Why takeaways appear to be growing, but aren’t
Quick service and takeaway brands are reporting growth, but operators must understand the nuance. A 5% increase in turnover during high inflation is a decline in real terms. Consumers are not spending more on food; they are replacing dining experiences with caloric consumption. Instead of families dining out together and ordering drinks and dessert, we now see a single takeaway meal shared at home. While this may keep volumes steady, it erodes value across the broader hospitality ecosystem.
The margin squeeze
Restaurants are now caught between three immovable pressures:
- Guests resist menu increases
- Suppliers continue increases
- Labour costs cannot be reduced below operational minimums
This creates the classic hospitality trap. We are selling more work for less money, at higher risk. Many operators are maintaining standards, staffing levels, and trading hours purely to protect brand reputation, while absorbing reduced profitability.
The reality
The industry is not failing, but it is fragile. Currently, for most restaurants:
- Cash flow is tight
- Stock levels are kept lean
- Wastage is being aggressively reduced
- Management hours are being cut
- Maintenance is delayed
- Refurbishments are postponed
And critically, operators are now relying on peak days (Fridays, month-end, holidays, and events) to sustain revenue for entire weeks.

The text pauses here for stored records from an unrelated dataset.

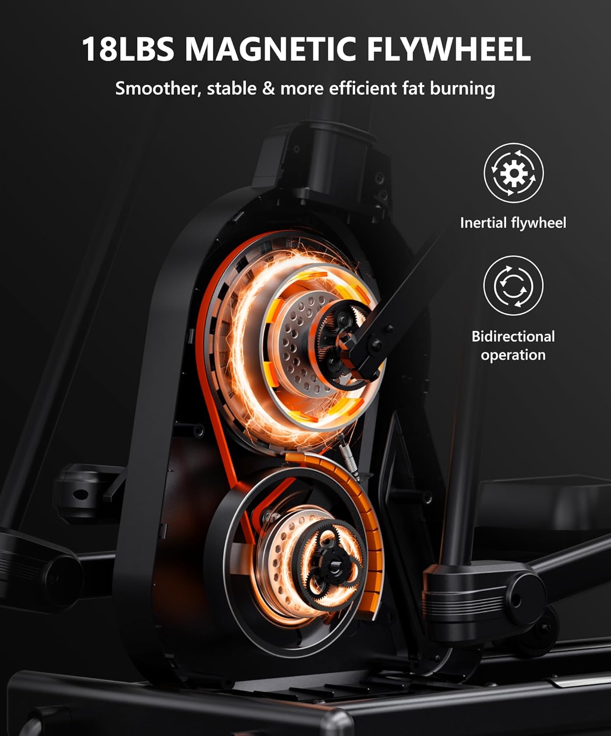 【Dual-Silence Technology <20dB】Work out anytime without disturbing your household. Our advanced dual-silence technology features HDPE rails that absorb friction sound and composite rollers that dampen vibration. This engineered system ensures whisper-quiet operation below 20 decibels—perfect for apartments, early mornings, or late nights. Experience silent, distraction-free training with this thoughtfully designed Elliptical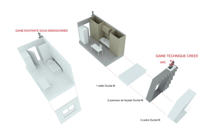 Cette façade en BFUP est porteuse et permet l’adjonction d’1,20 de nouveau plancher. Un gain de surface nécessaire au standard minimum de confort d’une chambre étudiante. Les fluides en façade permettent l’installation d’une cuisinette, d’une douche PMR et d’un WC. Le panneau profond (55 cm) comprend une grande baie toute hauteur et un balcon par cellule.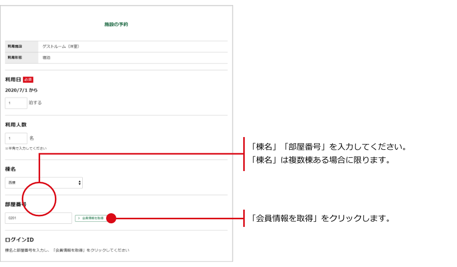 申し込みページで、(あれば「棟名」)「部屋番号」を入力した後に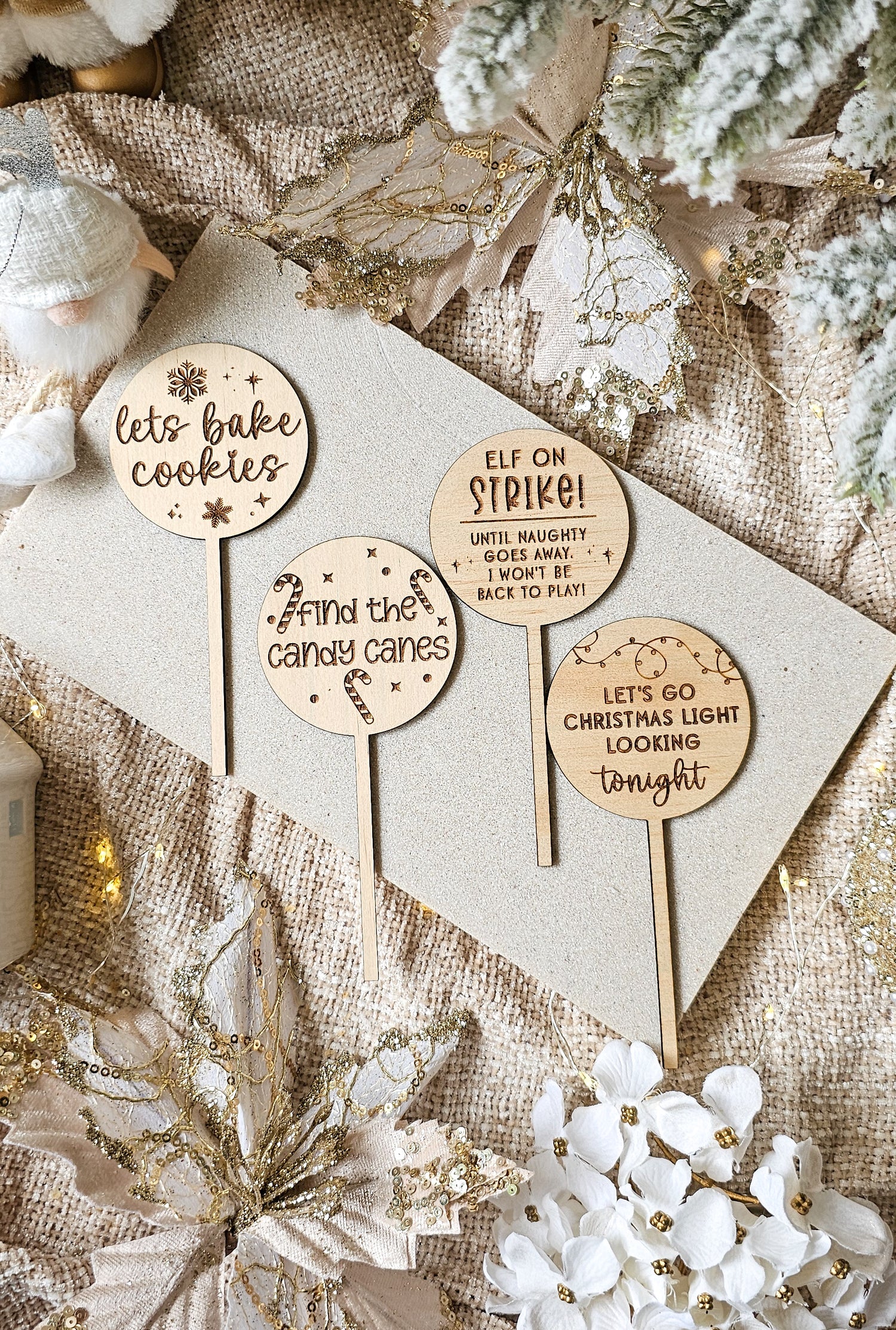 Add some playful fun to your holiday decor with these Elf Sign Props. Use them to showcase your elf or come up with your own creative ways to display them. Bring some holiday cheer to your home and brighten up the season with these quirky props.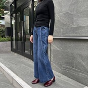 ワイドの広がりが脚を長く美しく見せ、どんなトップスと合わせてもトレンド感をまとったスタイルが完成します。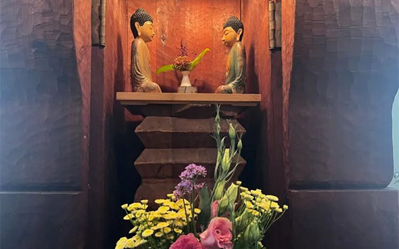 “Two Buddhas,” photo by Eve Marko at Bread Loaf Mountain Zen Center in Vermont.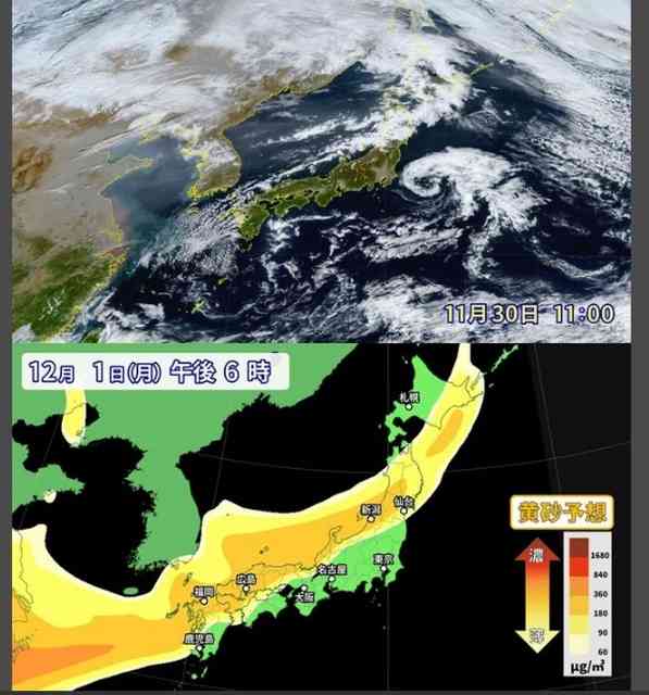 30日(日)の気象衛星画像と12月1日(月)午後6時の黄砂の予想ずを観て下さい。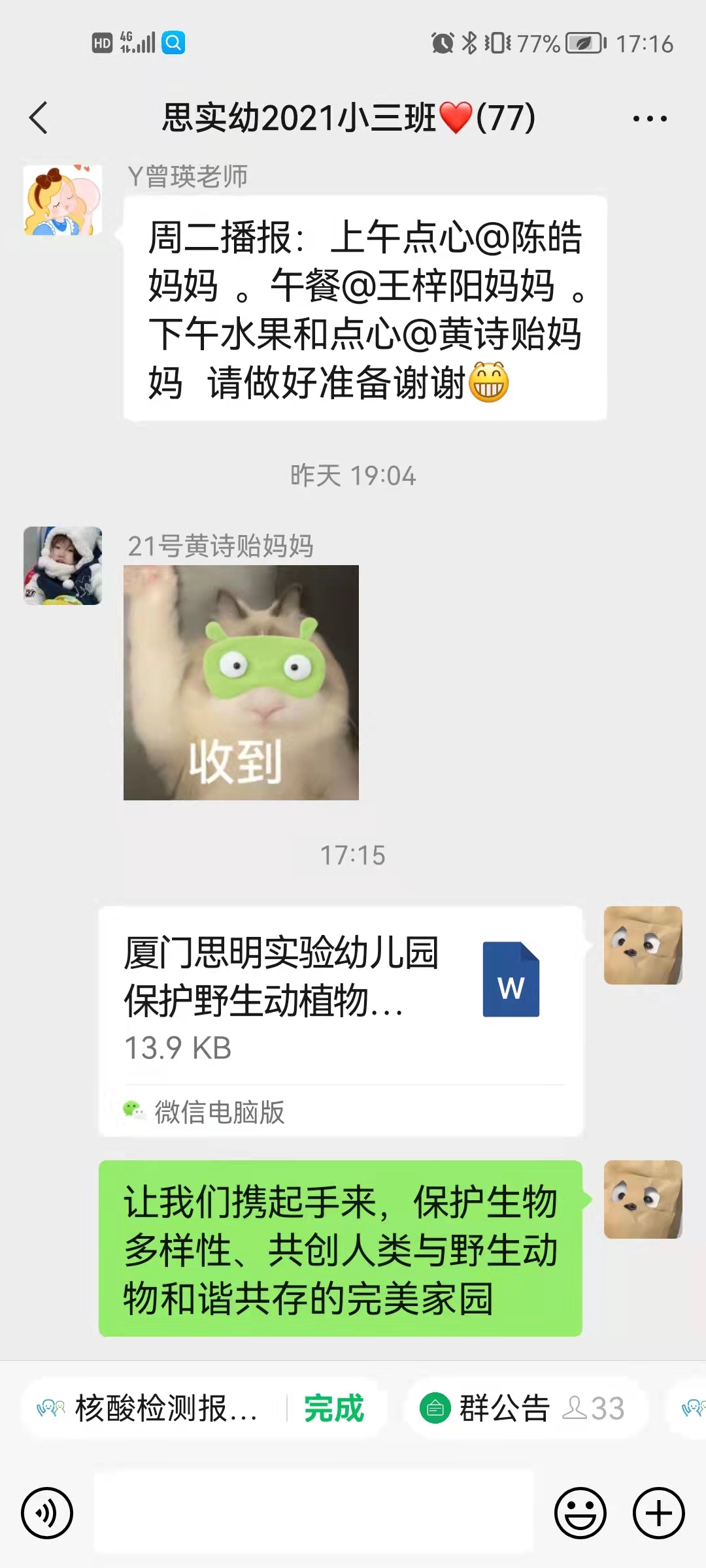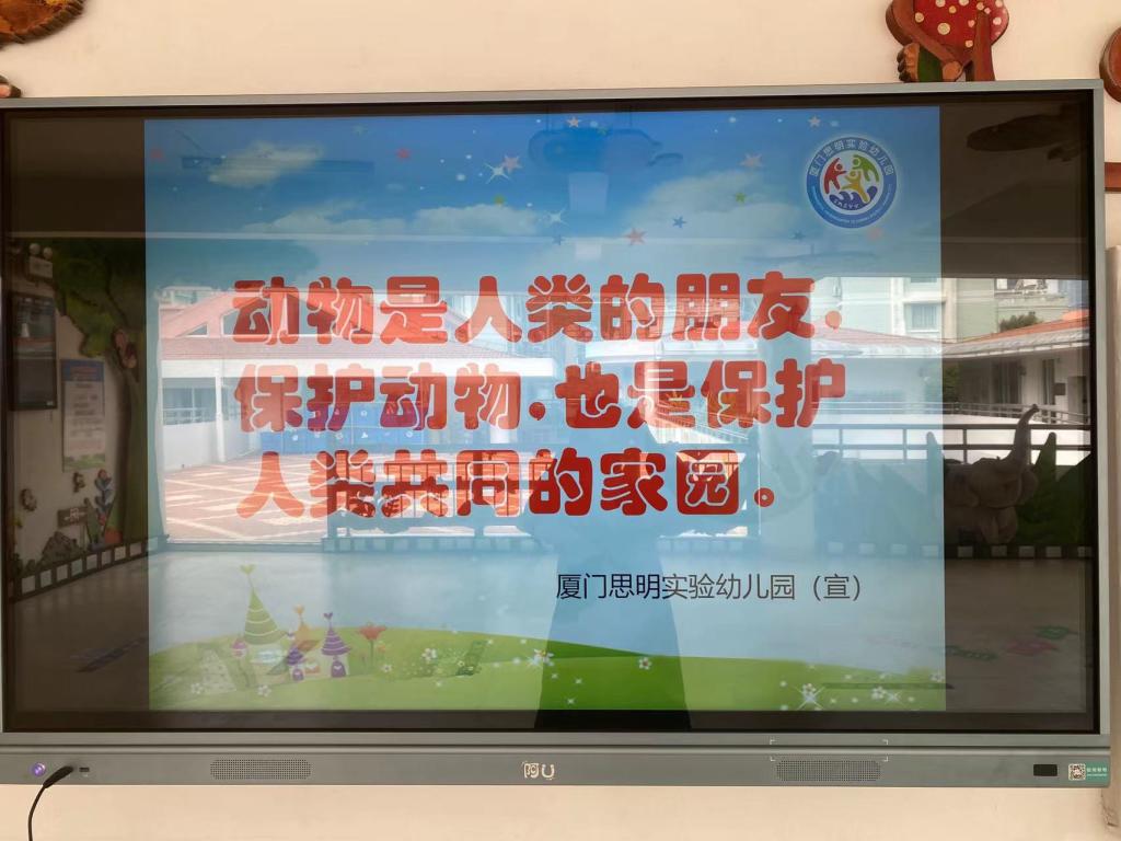 活动期间,各班老师利用班级微信群积极向家长和幼儿宣传众多野生动物的生存现状和保护野生动物的重要意义;各年段根据本班孩子的年龄特点,组织开展形式多样的保护野生动物的活动,帮助幼儿树立“保护野生动物就是保护我们人类自己”的意识;幼儿园宣传屏滚动播放保护野生动物宣传标语,发放《厦门思明实验幼儿园保护野生动物倡议书》,倡导家长共同参与保护野生动物。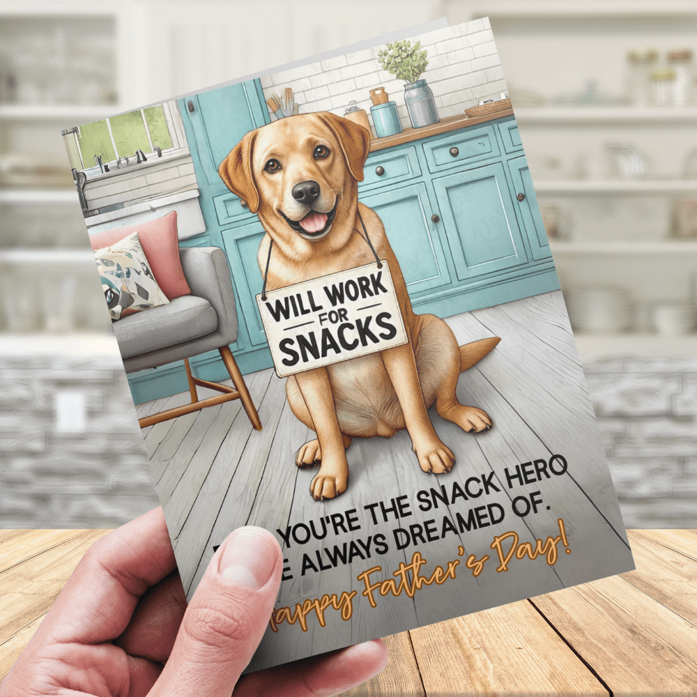 This funny and heartwarming Father's Day card is perfect for any dad, father figure, or dog dad, especially one who knows the importance of snacks and unconditional love — just like a loyal Labrador Retriever.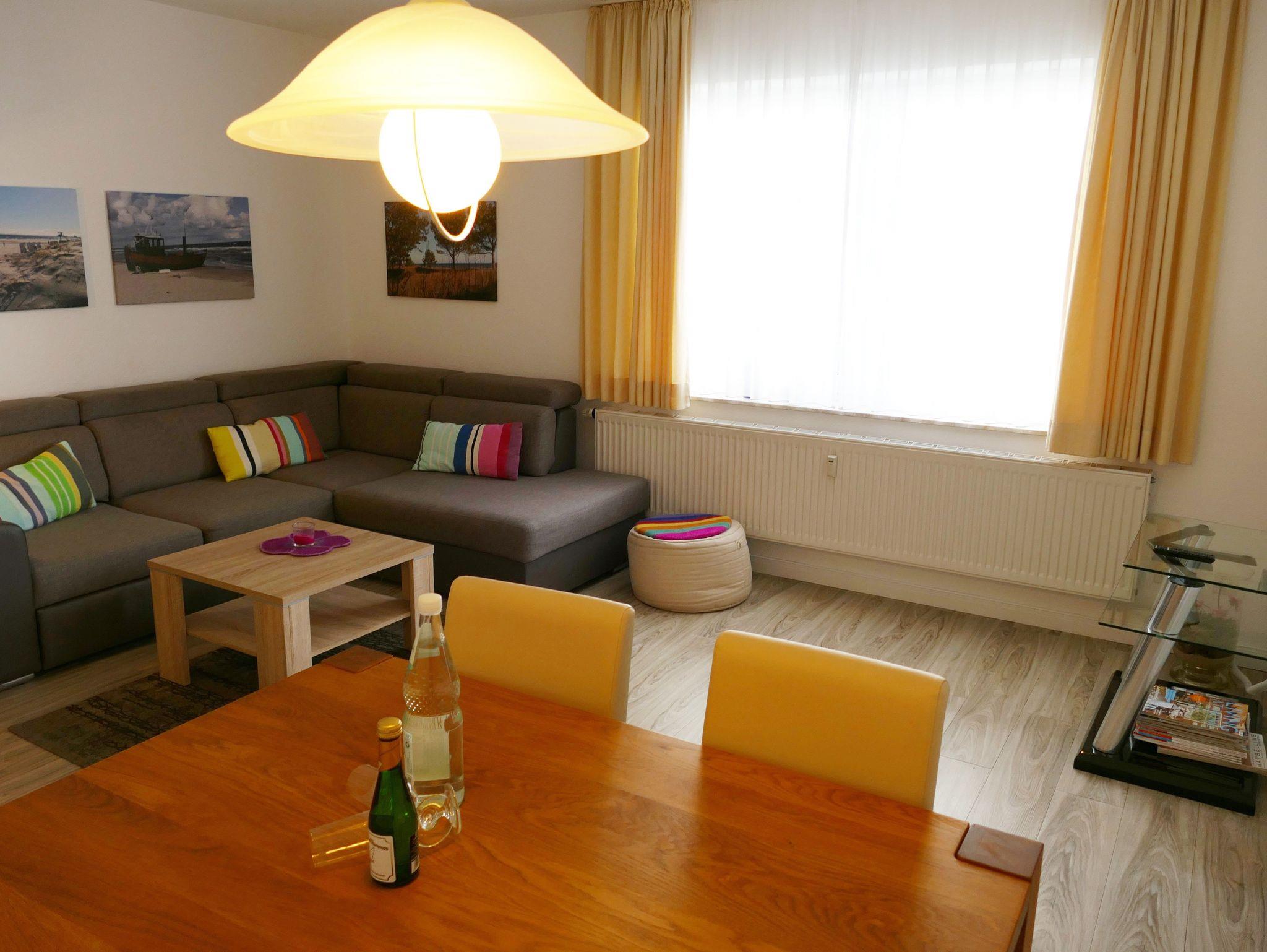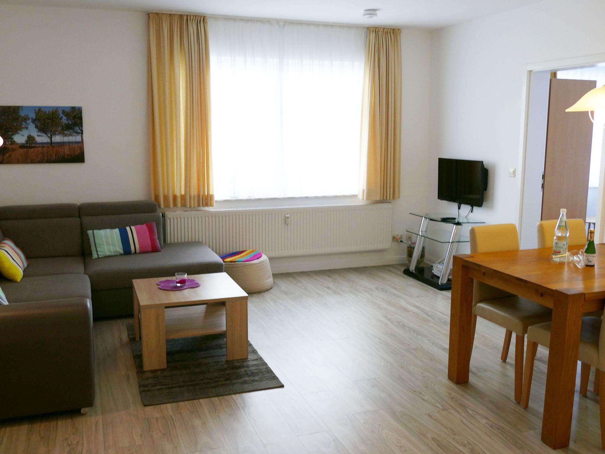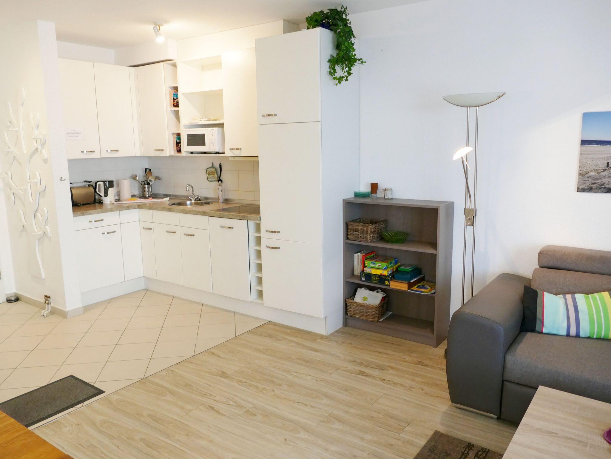 Mit 45 qm eignet sich die Erdgeschosswohnung ideal für bis zu 3 Urlauber zzgl. einem Kleinkind. Sie gliedert sich in ein Wohnzimmer mit Essbereich und offener Küche sowie ein Schlafzimmer mit Doppelbett und ein Duschbad. Das Sofa im Wohnzimmer lässt sich im Handumdrehen zu einer Schlafgelegenheit für eine dritte Person umfunktionieren (Liegefläche ca. 1,40 m x 2,00 m). Über dem Esstisch präsentiert sich Usedom auf einer Landkarte, sodass Sie bei der Planung für den nächsten Tag Ihr Ausflugsziel leicht verorten können. Die Badausstattung umfasst Dusche und WC hinter einer Tür von 69 cm Durchgangsbreite.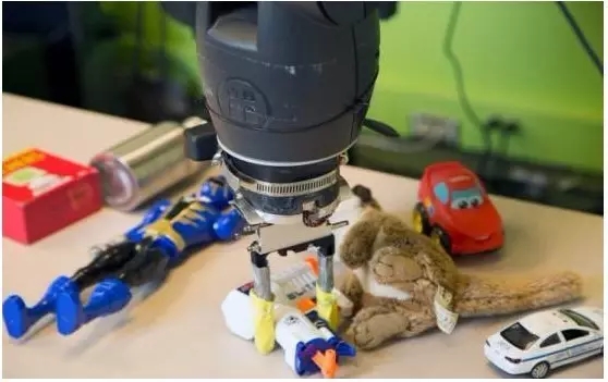 該系統(tǒng)使用類似于Kinect的3D攝像機(jī)。 Baxter收集的視覺和觸覺信息被發(fā)送到一個深層神經(jīng)網(wǎng)絡(luò),它與ImageNet中的圖像數(shù)據(jù)交叉輸入。加上觸摸過程的數(shù)據(jù)訓(xùn)練,機(jī)器人的識別精度比僅使用圖像數(shù)據(jù)訓(xùn)練的機(jī)器人提高了10%。

What this means for restaurateurs
Hospitality businesses are early indicators of economic stress because we depend entirely on discretionary income. Right now, the signals are clear. Consumer confidence is weak, and premium leisure spending is shrinking. Beverage revenue is collapsing, cost inflation is outpacing menu pricing, and disposable income is moving into non-hospitality digital platforms. We are no longer trading in a recovery environment. We are trading in a survival environment.
Right now, restaurants are surviving on sheer commitment rather than profits. Hospitality has always been, first and foremost, a people business. We employ more people per square metre than almost any other sector. Every shift feeds families, pays school fees, trains young staff into careers, and creates places where communities gather, celebrate milestones, and simply feel human again after long days and difficult times.
We know the hours are long, the margins thin, and the risks real, but we also know why we stay. We do it because restaurants matter. They are economic engines, social anchors, and training grounds all in one. The sector has weathered recessions, load-shedding, pandemics, and regulation before. Operators are, by nature, resilient entrepreneurs. We adapt menus, re-engineer costs, refine service models, and reinvent experiences – this is what hospitality does best.
As the old industry saying goes: People may postpone dining out, but they never stop needing places to come together. While this is undeniably a difficult trading cycle, it is not the end of the story. We will tighten, innovate, support one another, and continue serving – because we care about our staff and the communities built around our tables.
And as we always have, this industry will do what it has done time and again: We will survive, and then we will thrive.